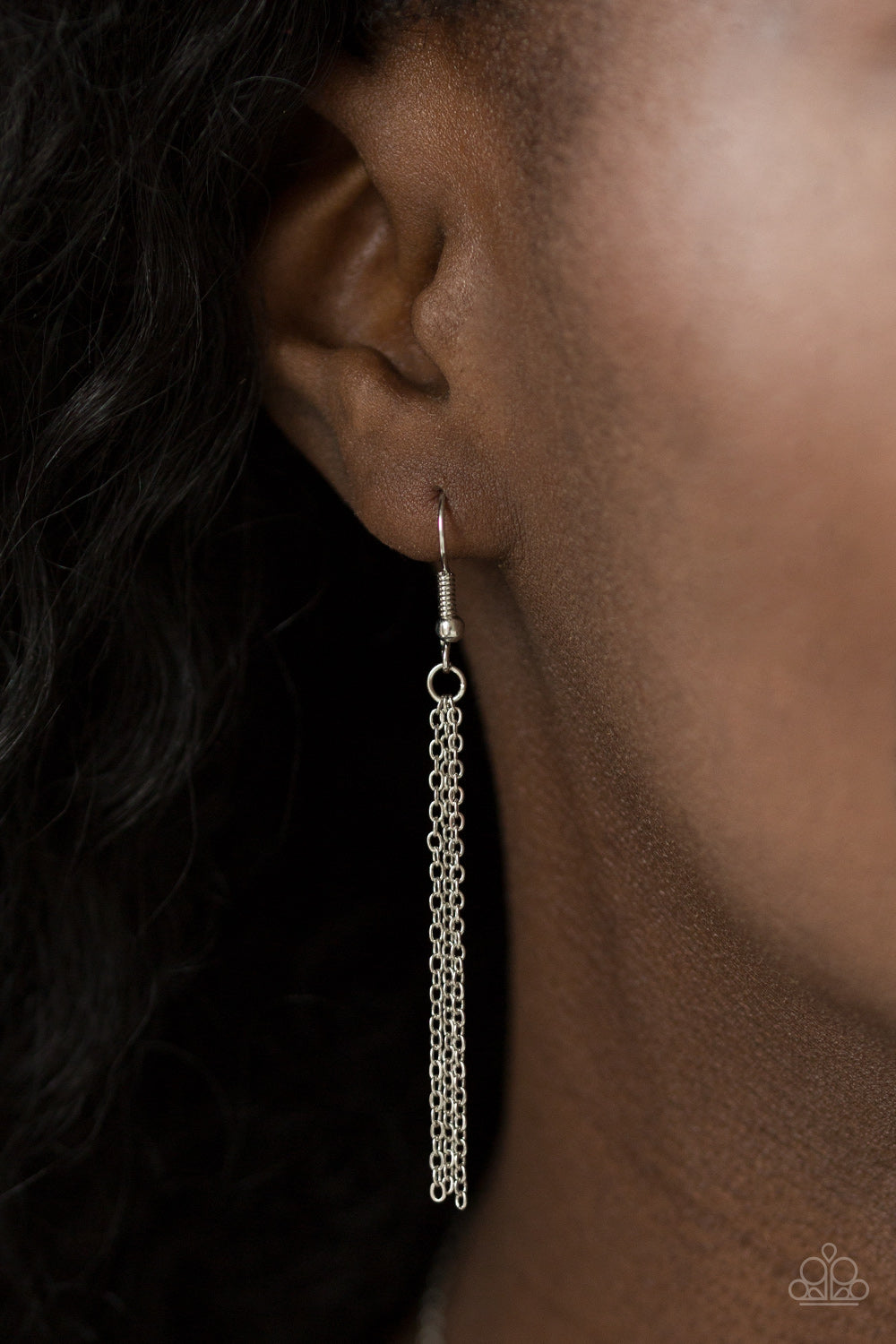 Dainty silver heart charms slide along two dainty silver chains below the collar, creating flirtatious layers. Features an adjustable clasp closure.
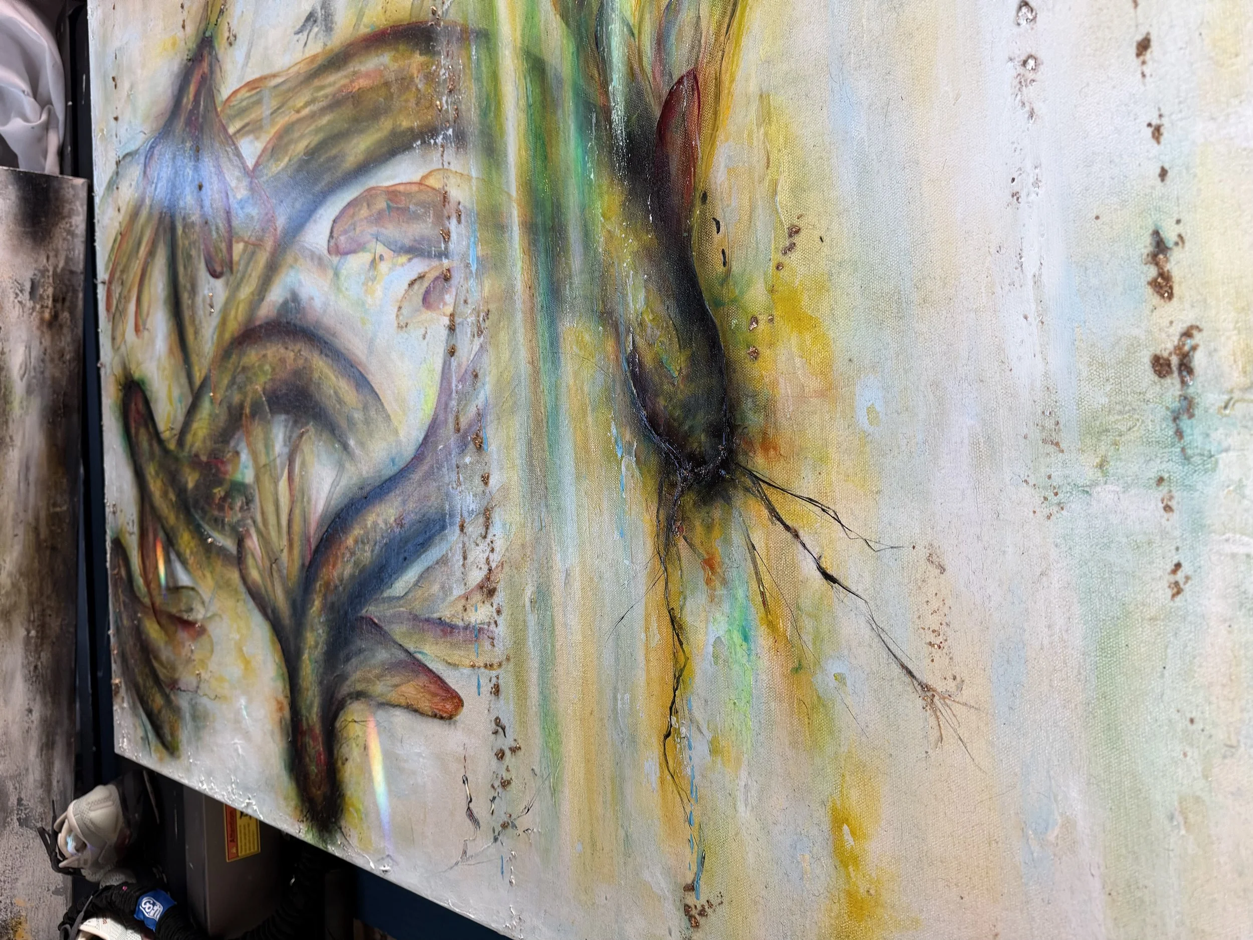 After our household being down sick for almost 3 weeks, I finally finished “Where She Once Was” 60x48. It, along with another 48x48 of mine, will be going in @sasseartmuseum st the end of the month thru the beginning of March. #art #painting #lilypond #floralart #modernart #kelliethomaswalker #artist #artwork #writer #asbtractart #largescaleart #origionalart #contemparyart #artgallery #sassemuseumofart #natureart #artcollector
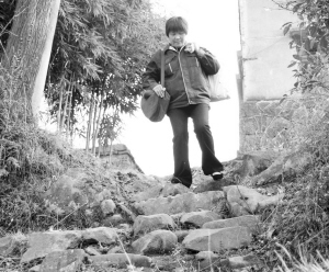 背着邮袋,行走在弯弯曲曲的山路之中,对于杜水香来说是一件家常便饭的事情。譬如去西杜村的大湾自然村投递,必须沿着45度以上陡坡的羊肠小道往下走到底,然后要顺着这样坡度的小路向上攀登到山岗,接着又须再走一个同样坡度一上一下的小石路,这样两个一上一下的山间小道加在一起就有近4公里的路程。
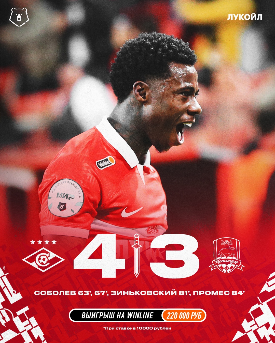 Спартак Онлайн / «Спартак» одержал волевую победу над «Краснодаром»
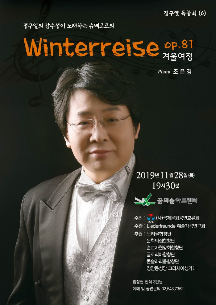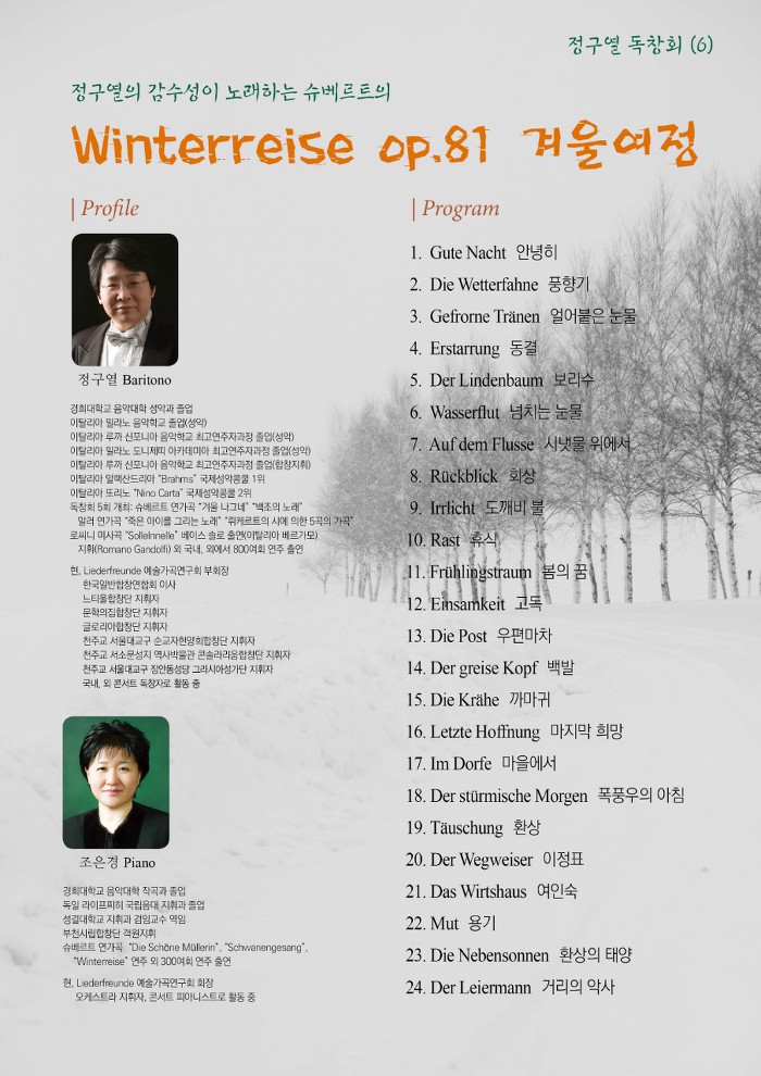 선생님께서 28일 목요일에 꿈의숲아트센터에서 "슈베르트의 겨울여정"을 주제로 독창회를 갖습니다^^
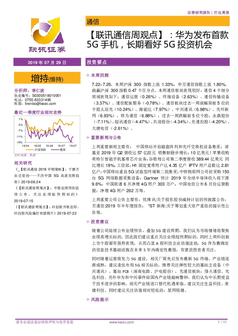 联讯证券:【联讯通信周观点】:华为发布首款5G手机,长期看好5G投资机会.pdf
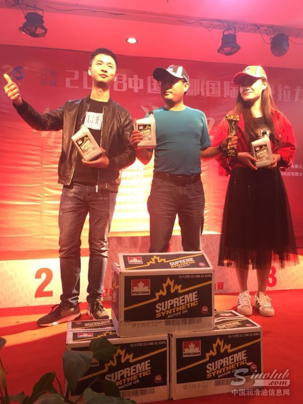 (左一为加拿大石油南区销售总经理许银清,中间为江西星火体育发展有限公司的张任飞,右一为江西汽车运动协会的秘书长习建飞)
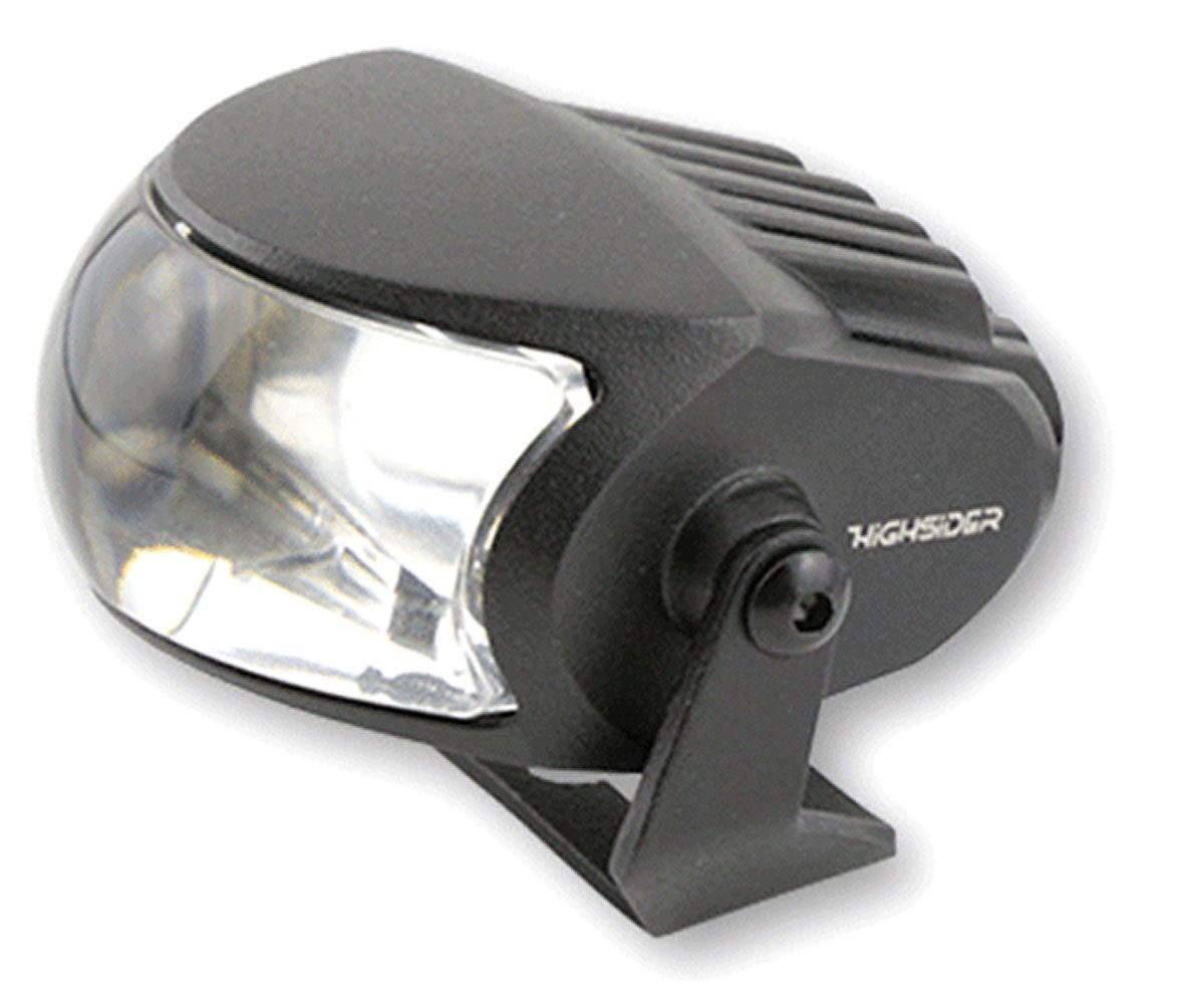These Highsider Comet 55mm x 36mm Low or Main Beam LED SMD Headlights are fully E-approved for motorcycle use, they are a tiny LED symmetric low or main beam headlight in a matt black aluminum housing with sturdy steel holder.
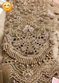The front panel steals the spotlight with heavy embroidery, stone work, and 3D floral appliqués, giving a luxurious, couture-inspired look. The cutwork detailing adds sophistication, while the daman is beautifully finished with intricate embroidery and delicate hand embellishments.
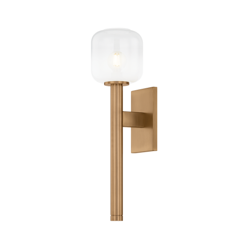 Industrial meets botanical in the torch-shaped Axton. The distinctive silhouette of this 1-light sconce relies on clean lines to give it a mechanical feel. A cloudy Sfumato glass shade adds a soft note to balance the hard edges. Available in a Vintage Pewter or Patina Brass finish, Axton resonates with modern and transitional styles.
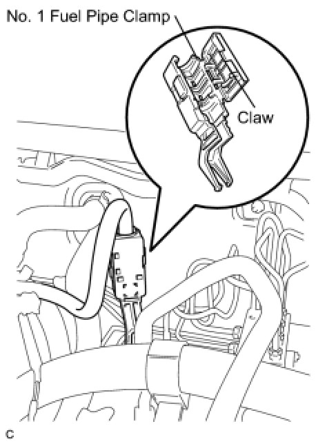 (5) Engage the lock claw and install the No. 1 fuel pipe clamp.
○ ○ ○ ○ ○ ○ ○
— Brief —
Pictures should not appear; only the lines from the start of the listing above to the line containing "The front panel", both ends included, are to be repeated exactly.

— Answer to the problem —
 Dainty silver heart charms slide along two dainty silver chains below the collar, creating flirtatious layers. Features an adjustable clasp closure.
 After our household being down sick for almost 3 weeks, I finally finished “Where She Once Was” 60x48. It, along with another 48x48 of mine, will be going in @sasseartmuseum st the end of the month thru the beginning of March. #art #painting #lilypond #floralart #modernart #kelliethomaswalker #artist #artwork #writer #asbtractart #largescaleart #origionalart #contemparyart #artgallery #sassemuseumofart #natureart #artcollector
 背着邮袋,行走在弯弯曲曲的山路之中,对于杜水香来说是一件家常便饭的事情。譬如去西杜村的大湾自然村投递,必须沿着45度以上陡坡的羊肠小道往下走到底,然后要顺着这样坡度的小路向上攀登到山岗,接着又须再走一个同样坡度一上一下的小石路,这样两个一上一下的山间小道加在一起就有近4公里的路程。
 Спартак Онлайн / «Спартак» одержал волевую победу над «Краснодаром»
 선생님께서 28일 목요일에 꿈의숲아트센터에서 "슈베르트의 겨울여정"을 주제로 독창회를 갖습니다^^
 联讯证券:【联讯通信周观点】:华为发布首款5G手机,长期看好5G投资机会.pdf
 (左一为加拿大石油南区销售总经理许银清,中间为江西星火体育发展有限公司的张任飞,右一为江西汽车运动协会的秘书长习建飞)
These Highsider Comet 55mm x 36mm Low or Main Beam LED SMD Headlights are fully E-approved for motorcycle use, they are a tiny LED symmetric low or main beam headlight in a matt black aluminum housing with sturdy steel holder.
The front panel steals the spotlight with heavy embroidery, stone work, and 3D floral appliqués, giving a luxurious, couture-inspired look. The cutwork detailing adds sophistication, while the daman is beautifully finished with intricate embroidery and delicate hand embellishments.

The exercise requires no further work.